Patients with aortic regurgitation should have detailed counseling about physical activity. Isometric exercise, weight lifting, and heavy exertional activities, which involve strenuous arm work, should be specifically prohibited because of the reflex increase in peripheral vascular resistance that occurs with arm exercise. In contrast, rhythmic, low-resistance, large muscle group exercise such as bicycling reduces peripheral resistance, and should be encouraged for fitness and a sense of well-being. Infective endocarditis prophylaxis is no longer required based on the new AHA/ACC guidelines.5
As noted earlier, most patients with chronic aortic regurgitation have a protracted clinical course, despite evidence of severe regurgitation. Nevertheless, long-term care of the asymptomatic individual with aortic regurgitation consists of carefully monitoring for the onset of symptoms or, more often, of left ventricular dysfunction and/or dilation. Asymptomatic patients with chronic severe aortic regurgitation and normal left ventricular systolic function should be assessed clinically and echocardiographically approximately every 6 to 12 months. Current guidelines suggest aortic valve surgery for chronic severe aortic regurgitation for patients with symptom onset (Class I recommendation), asymptomatic patients with left ventricular ejection fraction lower than 0.50 (Class I), patients undergoing coronary artery bypass grafting or surgery on the aorta or other heart valves (Class I), and patients with preserved ventricular function but left ventricular end-systolic dimension >50 mm (Class IIa) or end-diastolic dimension >65 mm with low surgical risk (Class IIb). Aortic valve surgery is also considered in asymptomatic patients with moderate aortic regurgitation undergoing coronary artery bypass grafting or surgery on the aorta or other heart valves (Class IIa).1
When concerns arise about the physiologic significance of aortic regurgitation and possible indications for surgery, maximal cardiopulmonary exercise testing and stress echocardiography may be useful. Patients who can achieve high levels of activity with evidence of good contractile reserve can generally be managed conservatively. Impaired functional capacity under stress should prompt consideration of valve surgery.

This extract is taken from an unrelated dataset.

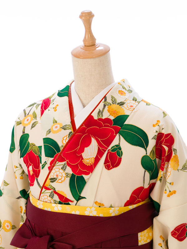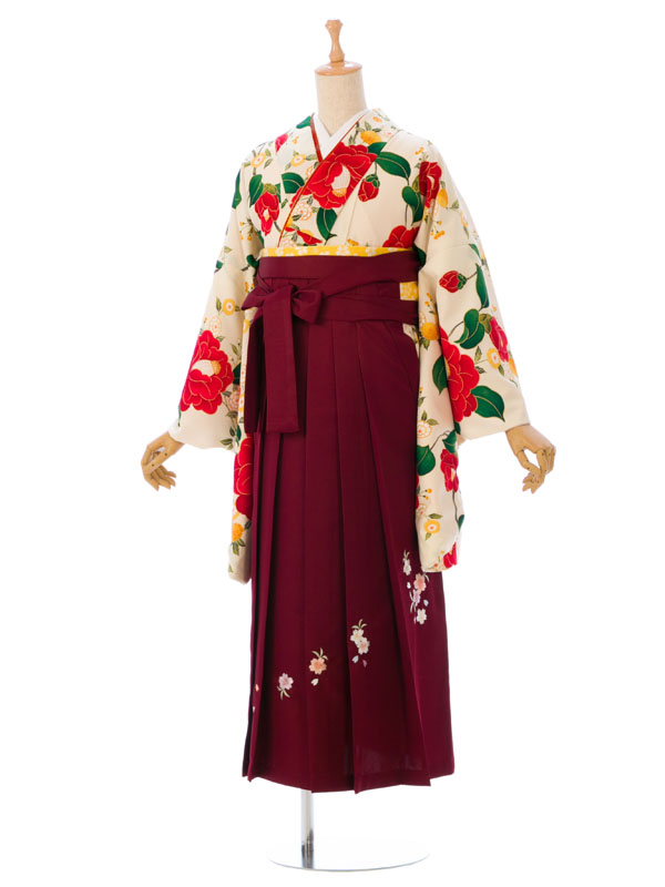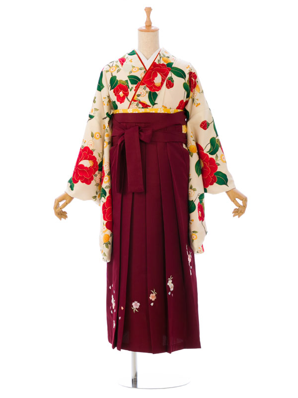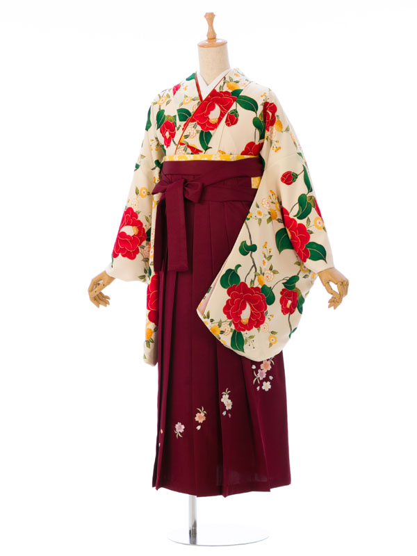 ■着物:クリーム地 乙女椿■袴:エンジ袴 桜刺繍

The issues involved in the choice of a prosthetic valve and in postsurgical care are similar for patients with aortic regurgitation, as described earlier for aortic stenosis. A notable distinction is the select group of patients with pliable congenital bicuspid aortic valves and aortic regurgitation, for whom valve repair may be a viable option. Notably, clinicians should remember the association between ascending aortic disease (i.e., aneurysm formation and risk of dissection) in patients with bicuspid aortic valve or connective tissue diseases. In the setting of a bicuspid aortic valve, concomitant aortic repair should be performed at the time of valve surgery when the aortic size reaches >4.5 cm.